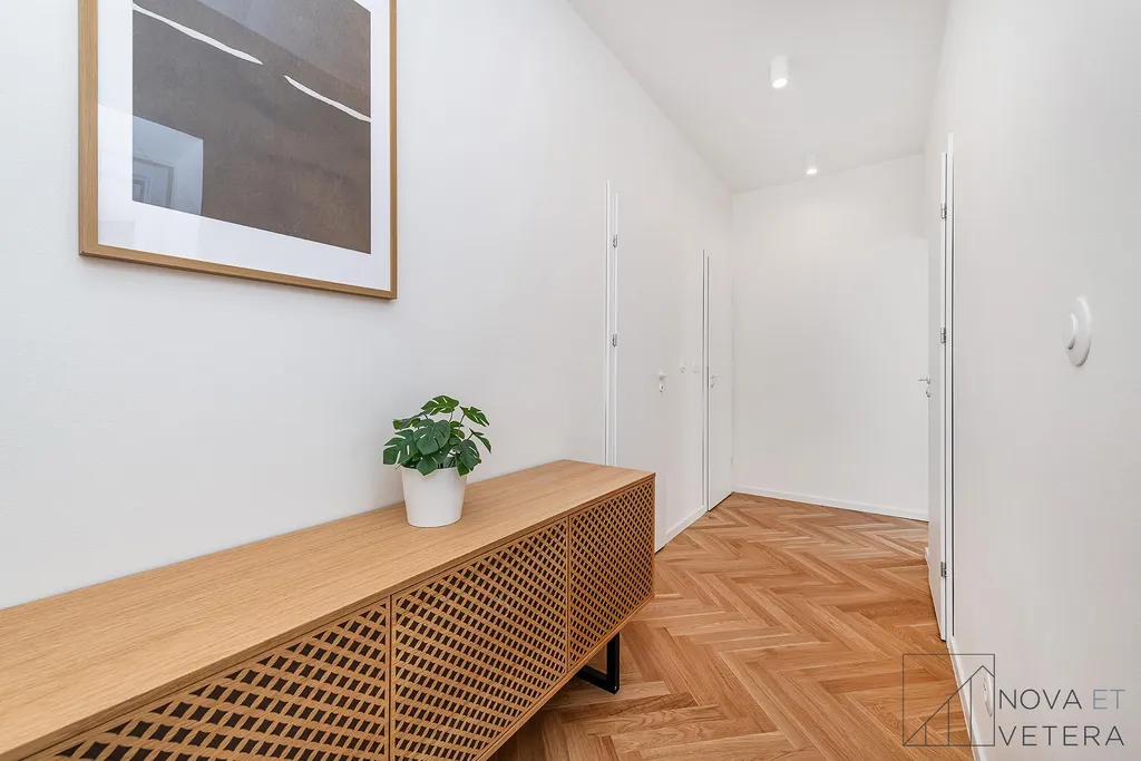 Byt prošel kompletní rekonstrukcí ve vysokém standardu. Součástí jsou nové rozvody elektřiny, vody i odpadů, špaletová okna, bezpečnostní vstupní dveře, dřevěné parketové podlahy a velkoformátové obklady a dlažby od italského výrobce MARAZZI. V koupelně a na toaletě je použita sanita značky GROHE. Moderní kuchyňská linka je vybavena spotřebiči BOSCH (lednice s mrazákem, myčka, trouba, indukční deska), kamennou pracovní deskou a zapuštěným granitovým dřezem.
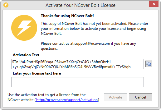Paste the activation text from NCover VS Extension into the "Paste your activation text here" field on the license activation web page.
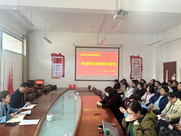 11月6日,yl23455永利集团在豁然楼A415召开师德师风专题警示教育会议。院党总支书记刘玉宝、党总支副书记韩建敏以及全体教职工参加会议。
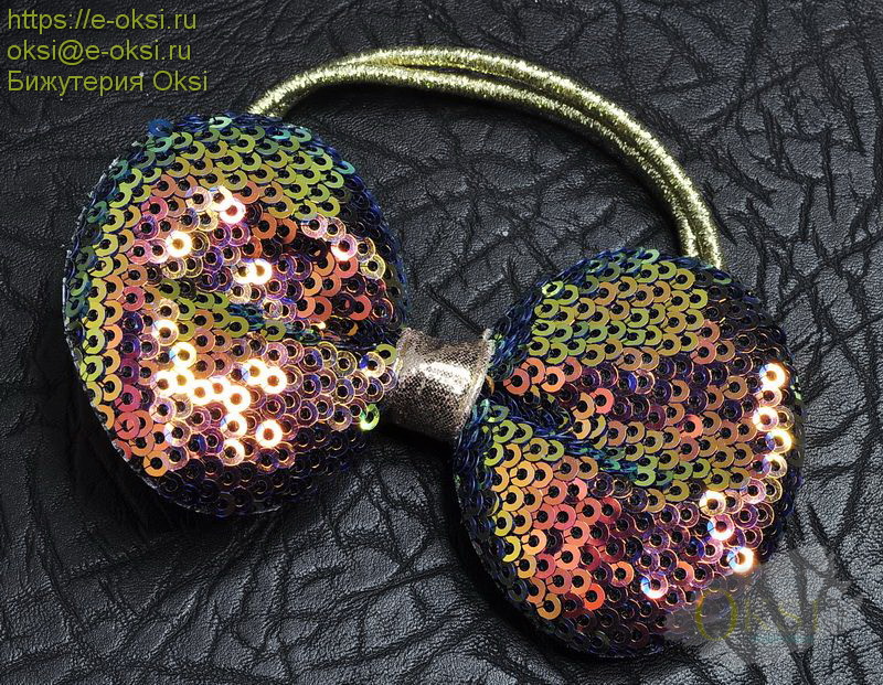 Яркий, качественный бант на резинке, украшен сверкающими пайетками радужного цвета. Внутри банта прослойка из полорона, что создает дополнительный объем . Размер банта 8,5 см х 5 см. Диаметр резинки 5 см. Производство Корея.
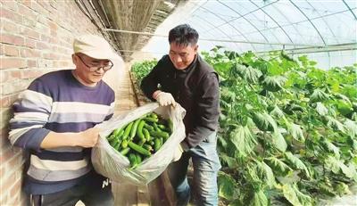 雙街果蔬采摘園內(nèi),工人們在蔬菜大棚里抬著剛剛采摘的水果黃瓜。照片由受訪單位提供
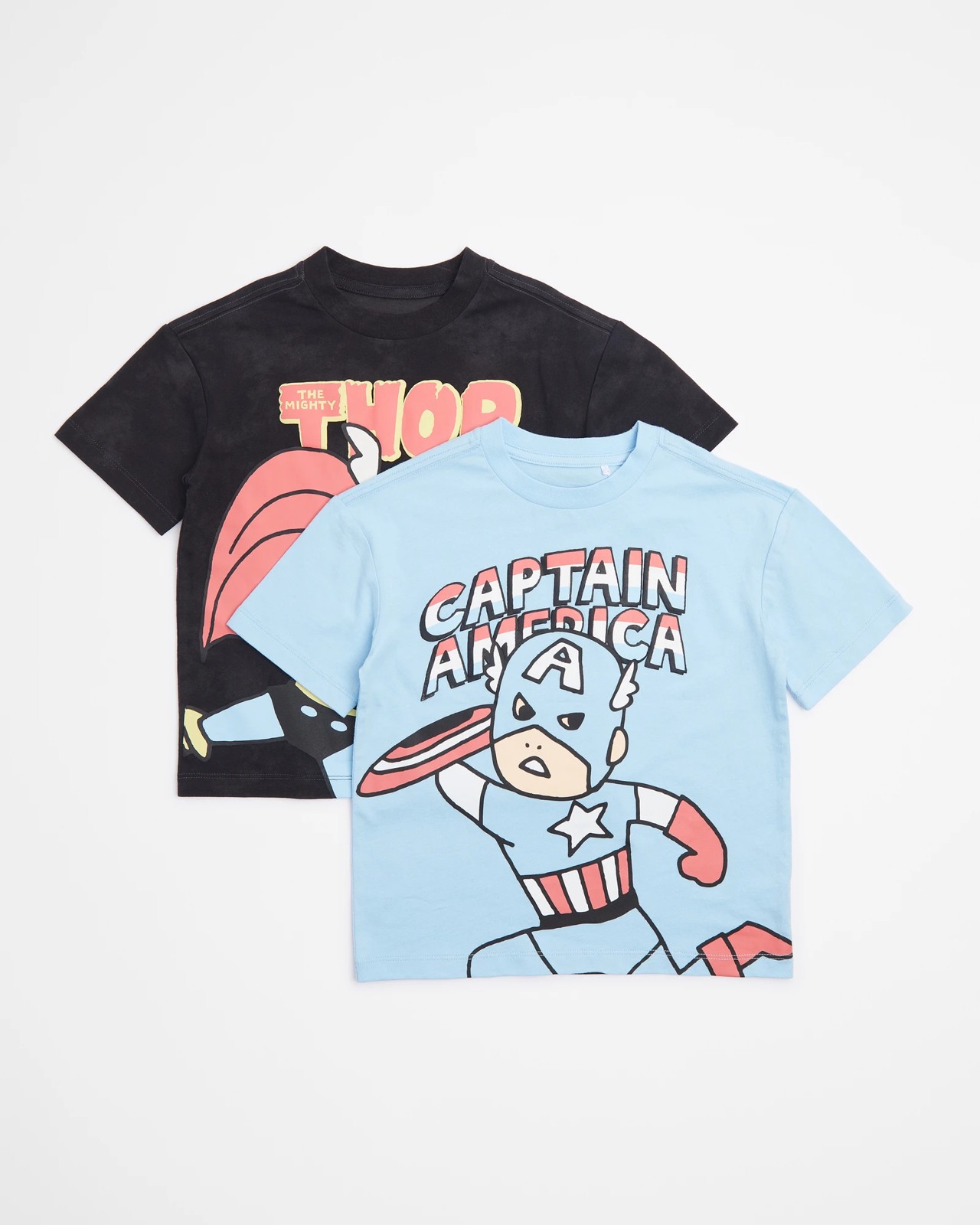 Get ready for a battle of the superheroes with this 2 Pack Marvel Print T-shirts. Crafted from a cotton-rich fabric, these T-shirts feature a regular fit and ribbed crew neck for comfort. The pack includes one black Thor T-shirt with a large print to the chest, and one light blue Captain America T-shirt with a large print to the chest. Both styles offer short sleeves and straight hemline for an easy fit.

→ Problem to solve
Copy the lines exactly. Start at the line with "Яркий, качественный бант", end at the last line above, include both, and omit all pictures.

→ Written response
 Яркий, качественный бант на резинке, украшен сверкающими пайетками радужного цвета. Внутри банта прослойка из полорона, что создает дополнительный объем . Размер банта 8,5 см х 5 см. Диаметр резинки 5 см. Производство Корея.
 雙街果蔬采摘園內(nèi),工人們在蔬菜大棚里抬著剛剛采摘的水果黃瓜。照片由受訪單位提供
 Get ready for a battle of the superheroes with this 2 Pack Marvel Print T-shirts. Crafted from a cotton-rich fabric, these T-shirts feature a regular fit and ribbed crew neck for comfort. The pack includes one black Thor T-shirt with a large print to the chest, and one light blue Captain America T-shirt with a large print to the chest. Both styles offer short sleeves and straight hemline for an easy fit.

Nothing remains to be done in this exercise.